Colombian national government official

The General Director of Administrative Department of the Presidency (General Director of DAPRE) is in charge of overseeing, managing, and executing the administrative tasks related to the presidency of Colombia, while also ensuring the effective implementation of government policies.

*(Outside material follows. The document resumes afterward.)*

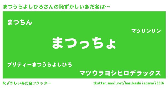 | ヘコむあだ名 | 『酢こんぶ』『まつうらよしひろ(苦笑)』 |

In this role, the General Director leads the coordination between the Presidency and other state institutions, as well as civil society, and provides support to the President in fulfilling both constitutional and administrative duties.

== List ==
=== List of general secretaries of the presidency ===
From its founding in 1898 until 2014, the highest position within the Administrative Department of the Presidency of the Republic was that of General Secretary of the Presidency, which changed its name in 2014 during the administration of Juan Manuel Santos.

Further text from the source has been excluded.